Figure 5: Gated Cell

LSTMs have the following property: (@ 0:35:24)

  1. Maintain a cell state
  2. Use gates to control the flow of information
    • Forget gate gets rid of irrelevant information
    • Store relevant information from current input
    • Selectively update cell state
    • Output gate returns a filtered version of the cell state
  3. Backpropagation through time with partially uninterrupted gradient flow (This handles the vanishing gradient problem)

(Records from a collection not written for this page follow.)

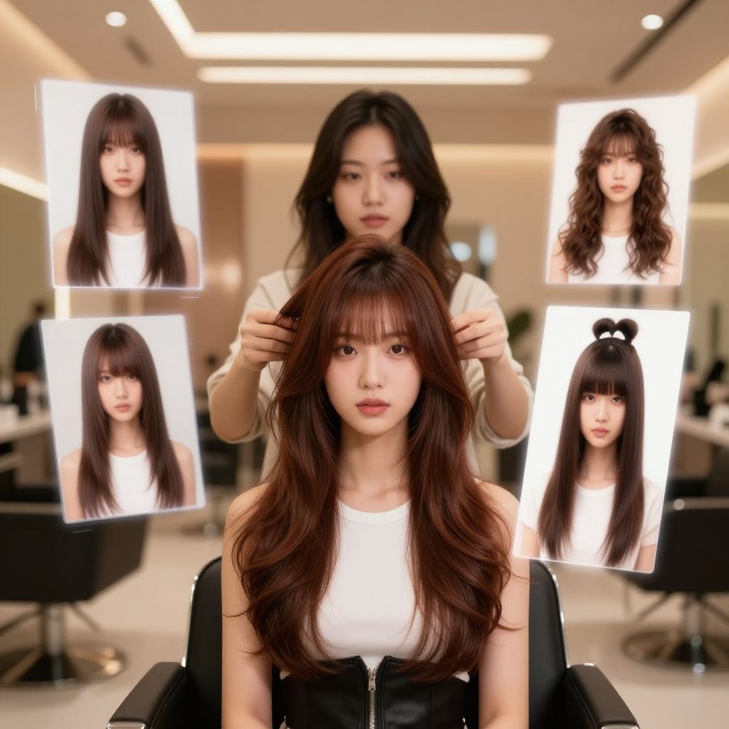 Online hairstyle changer for female, a futuristic virtual salon setting with a female avatar trying different trendy hairstyles, holographic hairstyle previews floating around, modern digital graphics, warm tones, creative hairstyle variations, high detail.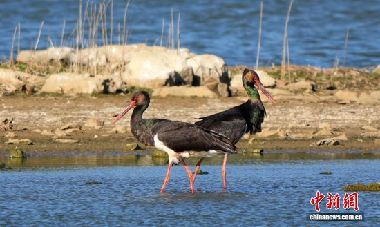 今天为大家推介的每日一图是在贵州省毕节市威宁彝族回族苗族自治县草海国家级自然保护区湿地,被誉为“鸟中大熊猫”的国家一级重点保护野生动物黑鹳,悠然觅食,尽享春光,勾勒出一幅生机盎然的春日生态美景。岳刚 摄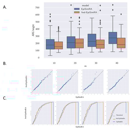 Comparing the height of the ARG (H) between fwd-EpiSimRA and EpiSimRA with and without epistatis in two loci with recombination for , kbp, , , with epistastic parameters for . (A) The box-and-whisker diagram summarizes the result for each. On each box, the central mark is the mean, the edges of the box are the 25th and 75th percentiles, the whiskers extend to the most extreme data points not considered outliers, and outliers are plotted individually. (B) QQ plot and (C) CDF plot of the backward and forward models show similar distributions.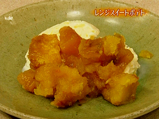 材料:作りやすい分量 焼き芋・・・大1本(400g) バター・・・大さじ2 ママレード・・・大さじ3 ・バニラアイスクリーム 作り方 (1)焼き芋は皮をむき、輪切りにしてボールに入れ、バター、ママレードを加えラップをして電子レンジ強(500w)で5分加熱する。 (2)(1)のラップをはずし、芋をつぶしながら混ぜ、アイスクリームに添える。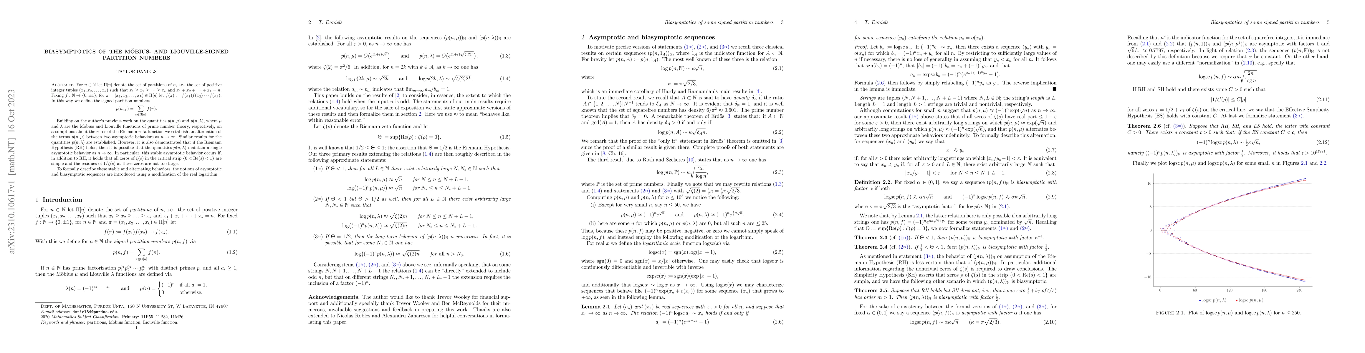 For $n \in \mathbb{N}$ let $\Pi[n]$ denote the set of partitions of $n$, i.e., the set of positive integer tuples $(x_1,x_2,\ldots,x_k)$ such that $x_1 \geq x_2 \geq \cdots \geq x_k$ and $x_1 + x_2 + \cdots + x_k = n$. Fixing $f:\mathbb{N}\to\{0,\pm 1\}$, for $\pi = (x_1,x_2,\ldots,x_k) \in \Pi[n]$ let $f(\pi) := f(x_1)f(x_2)\cdots f(x_k)$. In this way we define the {signed partition numbers} \[ p(n,f) = \sum_{\pi\in\Pi[n]} f(\pi). \] Building on the author's previous work on the quantities $p(n,\mu)$ and $p(n,\lambda)$, where $\mu$ and $\lambda$ are the M\"obius and Liouville functions of prime number theory, respectively, on assumptions about the zeros of the Riemann zeta function we establish an alternation of the terms $p(n,\mu)$ between two asymptotic behaviors as $n\to\infty$. Similar results for the quantities $p(n,\lambda)$ are established. However, it is also demonstrated that if the Riemann Hypothesis (RH) holds, then it is possible that the quantities $p(n,\lambda)$ maintain a single asymptotic behavior as $n\to\infty$. In particular, this stable asymptotic behavior occurs if, in addition to RH, it holds that all zeros of $\zeta(s)$ in the critical strip $\{0 < \Re(s) < 1\}$ are simple and the residues of $1/\zeta(s)$ at these zeros are not too large. To formally describe these stable and alternating behaviors, the notions of asymptotic and biasymptotic sequences are introduced using a modification of the real logarithm.

6. Limitations & Desired Capabilities of RNN

RNN as presented above have the following limitations: @ 0:39:20

  • Encoding Bottleneck: RNN need to take long sequence of information and condense it into a fixed representation
  • Slow, no parallelization
  • Not long memory: ~10, 100 length sequences are ok with LSTM, but not ~1000

desired_capabilities_of_rnn-20230316100804.png

Figure 6: Desired Capabilities of RNN @ 0:41:48

In contrast to those limitations, what we want is:

  • Continuous Stream
  • Parallelization
  • Long Memory

Idea 1: Feed everything into dense network: (@ 0:42:52)

  • Recurrence is eliminated, but
  • Not scalable
  • No order
  • No long memory

Idea 2: Identify and Attend to what's important (@ 0:42:58)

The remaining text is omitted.